Ган решил не говорить Дайне, что ее бог умер, – последнее милосердие, которое он мог оказать.
Поднявшись, он машинально стряхнул песок с колен, прежде чем пойти туда, где, все еще без сознания, опустился на землю Артем. Ган потряс его за плечо:
– Артем! Проснись, давай, приходи в себя. Проснись! Артем!
Он звал и тряс, и уже почти потерял надежду, когда Артем наконец приоткрыл глаза.
– Кая, – прошептал он, и Ган не выдержал, хмыкнул:
– Вот это вряд ли. Подъем, давай же.
Ресницы Артема снова затрепетали, а потом вдруг широко распахнулись; зрачки расширились, и он уставился на Гана, неожиданно крепко вцепился в край куртки.
– Где… Дайна? Где она?
– Она там. – Он не смог решить, что лучше сказать: «она в порядке» или правду.
– Помоги мне дойти до нее. Пожалуйста, скорее…
Ган не стал спорить – помог Артему подняться и поддерживал его, пока, шатаясь, как в пьяном танце, они шли, загребая песок, туда, где лежала жрица Аждая.
Ей стало хуже. Она уже не хрипела – только тряслась крупной дрожью. Ее лицо заливал пот, и, может, она дрожала от холода.
– У тебя больше прав решать, чем у меня, – сказал тихо Ган. – Если думаешь, что так будет правильнее… я могу ей помочь.

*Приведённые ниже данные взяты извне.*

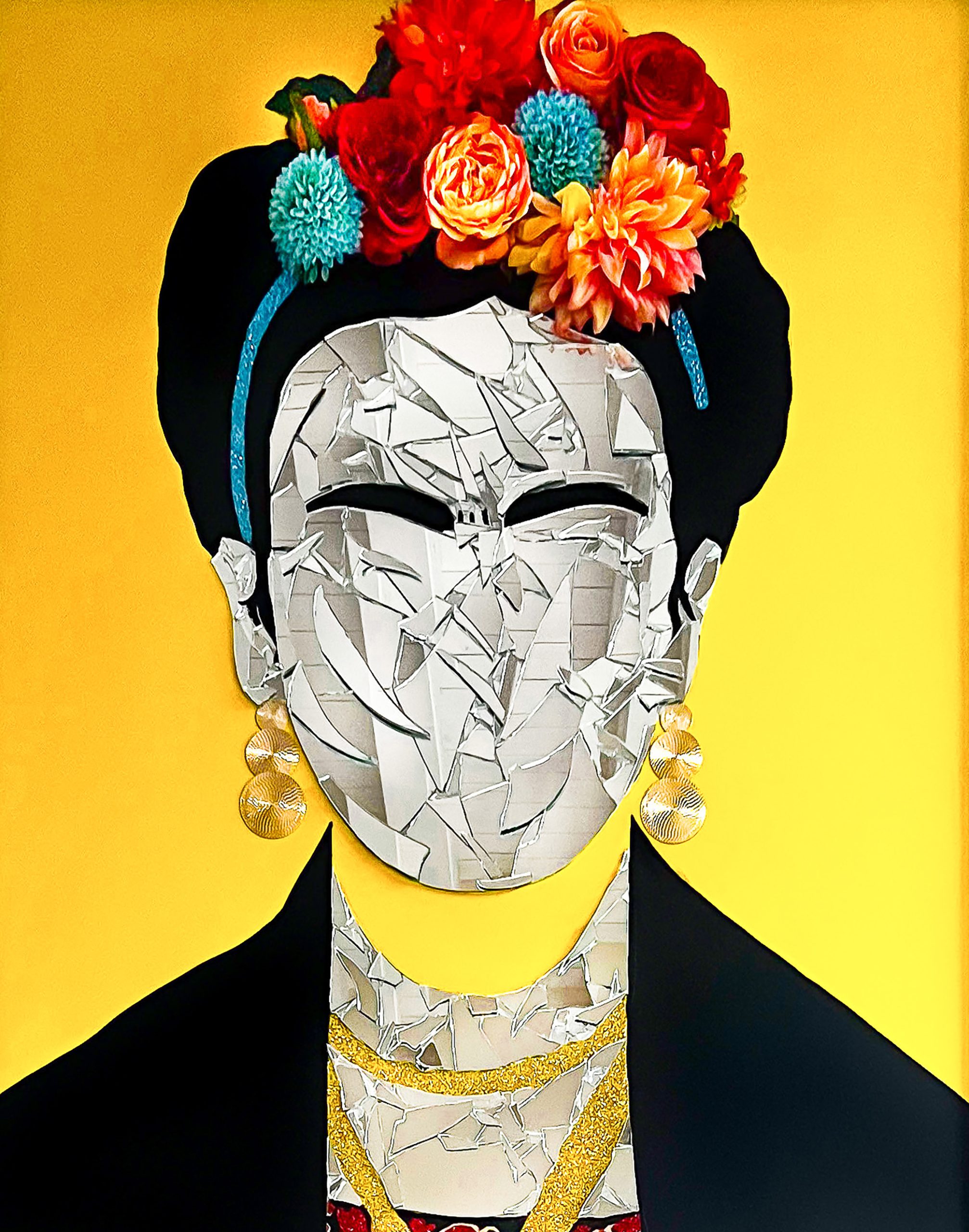 TECNICA: ACRILICO SU PANNELLO, MOSAICO DI SPECCHI, GLITTER, COLLAGE IN 3D E CORNICE SPECCHIATA

Артем не слушал его. Он неотрывно глядел на Дайну, и его лицо, и без того бледное, теперь казалось зеленоватым, как нежная весенняя трава. Он судорожно вдохнул воздух, горло рефлекторно дернулось, как будто его вот-вот стошнит… А потом Артем упал на колени – его лицо оказалось прямо над лицом Дайны – и открыл рот, точно в безмолвном крике.

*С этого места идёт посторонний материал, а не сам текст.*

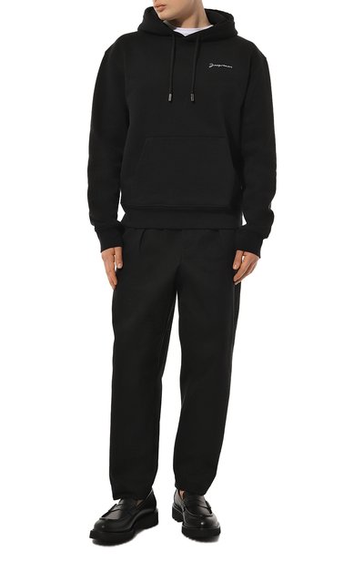Для пошива худи использовали эластичный материал на основе полиами да и хлопка. Изделие с глубоким капюшоном застегивается короткой молнией, рядом с которой разместили брендированный патч. Рукава со спущенной линией плеч дополнили манжетами с прорезью для большого пальца.

Тьма хлынула из него тонкой, но сильной струей, в которой от страшных серебряных молний остались только блики. Тьма влилась в приоткрытые губы Дайны – и она глубоко вздохнула, принимая ее в себя, а потом задышала ровно. На ее побелевшие щеки медленно возвращался румянец. Ган бросил взгляд на руку и не слишком удивился, увидев, что рана зарубцевалась. Он не удивился бы, даже окажись рука на месте, – но руки не было до локтя, и с этим, видимо, ничего не могло поделать даже черное облако.